# Thoughts On Sage One 7wt



## Backwater (Dec 14, 2014)

If you are getting it at a close out price and using it for what you described above, then I'd say....










See, even Phil could cast a fly rod for reds!


----------



## Danny Moody (Jan 22, 2016)

It's an awesome rod.


----------



## b.bates (Jul 10, 2013)

I just got one. Haven't had a chance to get on water only messed around with it once but don't think it's too stiff or overly fast. 

Need some more time 

That is just the 5 min impression. I'm a novice btw


----------



## jamie (Jan 22, 2016)

Great rod for reds. In head to head comparison I reach for the method but the one is a fantastic rod and definitely not to stiff and will he great for slot reds in moderate wind. 
At the current price it's hard to beat.


----------



## Sabalon (Aug 16, 2016)

I use one for reds unless blowing hard then 8-9. 
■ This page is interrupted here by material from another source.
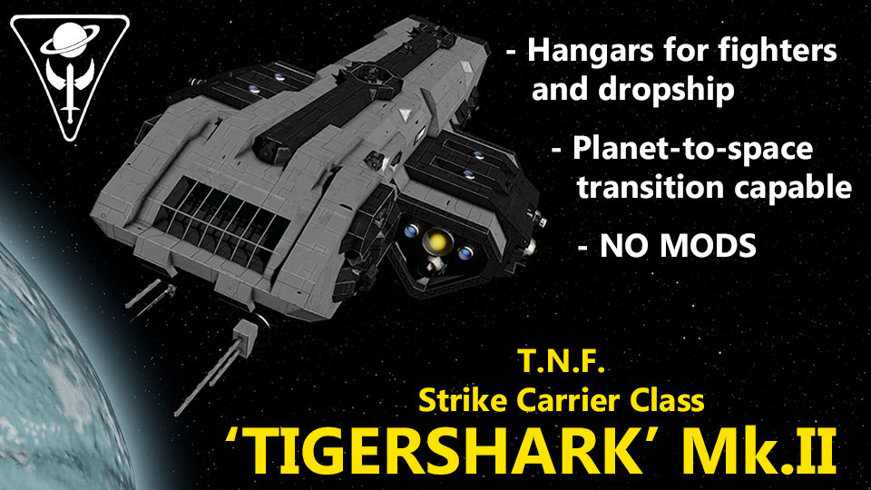 Download: T.N.F. Strike Carrier Class 'Tigershark' Mk.II [Space Engineers]

I bought most of my rods when Sage discounted the One. Great rods.


----------



## K3anderson (Jan 23, 2013)

I love this blank. I would snag it if you can.


----------



## T Bone (Jul 24, 2014)

What line are y'all using for your 7wt One? I throw BTT on my other rods. Is this a good fit for the One?


----------



## el9surf (Dec 23, 2008)

I use btt on my one 6 wt.


----------